An easy one there are 36 solutions. 9,10,11,12,13,14,15,16, 18,19,20,21,22,23,24, 27,28,29,30,31,32, 36,37,38,39,40, 45,46,47,48, 54,55,56, 63,64, 72.

Sorry to bring this post back up but the current solution seems very vague (in fact, it's not quite a solution at all). Also, I'm interested in the problem and I want to bring this post back to life so that it can have another chance of someone finding and posting a solution.

It probably hasn't been solved or gotten a detailed solution because it's rather ugly casework without any neat insights to be had. Suppose there are $k$ groups of males and $17 - k$ groups of females; WLOG $k \geq 9$. Also suppose that all the groups have $m$ or $m+1$ members.
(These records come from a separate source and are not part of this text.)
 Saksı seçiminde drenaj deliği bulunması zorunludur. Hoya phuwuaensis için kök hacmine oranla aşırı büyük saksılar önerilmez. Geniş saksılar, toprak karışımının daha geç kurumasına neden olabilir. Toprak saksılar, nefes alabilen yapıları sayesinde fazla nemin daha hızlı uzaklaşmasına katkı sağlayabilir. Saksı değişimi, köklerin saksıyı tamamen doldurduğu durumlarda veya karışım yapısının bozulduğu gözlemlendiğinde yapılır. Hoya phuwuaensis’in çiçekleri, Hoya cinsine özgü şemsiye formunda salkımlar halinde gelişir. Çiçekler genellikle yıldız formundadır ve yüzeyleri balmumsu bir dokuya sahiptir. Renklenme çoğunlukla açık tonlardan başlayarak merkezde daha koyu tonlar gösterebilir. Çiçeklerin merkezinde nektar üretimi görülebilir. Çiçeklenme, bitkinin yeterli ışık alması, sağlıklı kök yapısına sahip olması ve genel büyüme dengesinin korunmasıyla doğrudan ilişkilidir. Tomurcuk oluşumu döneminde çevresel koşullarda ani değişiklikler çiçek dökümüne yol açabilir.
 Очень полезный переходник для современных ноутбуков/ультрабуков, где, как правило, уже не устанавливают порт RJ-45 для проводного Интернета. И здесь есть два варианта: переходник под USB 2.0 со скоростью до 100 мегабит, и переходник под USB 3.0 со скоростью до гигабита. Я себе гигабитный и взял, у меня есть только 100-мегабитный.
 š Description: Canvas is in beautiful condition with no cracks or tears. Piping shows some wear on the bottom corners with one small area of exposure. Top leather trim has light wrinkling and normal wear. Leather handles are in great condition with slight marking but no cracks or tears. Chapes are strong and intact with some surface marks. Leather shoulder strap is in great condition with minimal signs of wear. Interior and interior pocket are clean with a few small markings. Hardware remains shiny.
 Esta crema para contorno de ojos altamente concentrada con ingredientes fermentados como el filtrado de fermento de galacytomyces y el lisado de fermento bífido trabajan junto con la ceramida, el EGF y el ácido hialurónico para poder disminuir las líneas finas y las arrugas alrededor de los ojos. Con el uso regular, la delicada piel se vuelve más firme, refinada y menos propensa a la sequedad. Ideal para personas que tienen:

Then $mk \leq (m+1)(17-k)$, or $(2m+1)(2k-17) \leq 17$. Since $m \geq 1$, we have $2k - 17 < 6$, so $9 \leq k \leq 11$. $k = 11$? Then only $m = 1$ works. We have at least 11 males and at most 12 females. So $n = 11, 12$ work. $k = 10$? Then only $m = 1$ or $m = 2$ works. For $m = 1$, we have at least 10 males and at most 14 females. So $n = 10$ through $14$ work. For $m = 2$, we have at least 20 males and at most 21 females. So $n = 20, 21$ work. $k = 9$? Then $m$ can be as high as 8. For a given $m$, we have at least $9m$ males and at most $8(m+1)$ females. This gives the range of solutions seen in post #2 which I won't recopy here. It turns out that this set of solution subsumes all the previous cases, so that is the complete list of answers.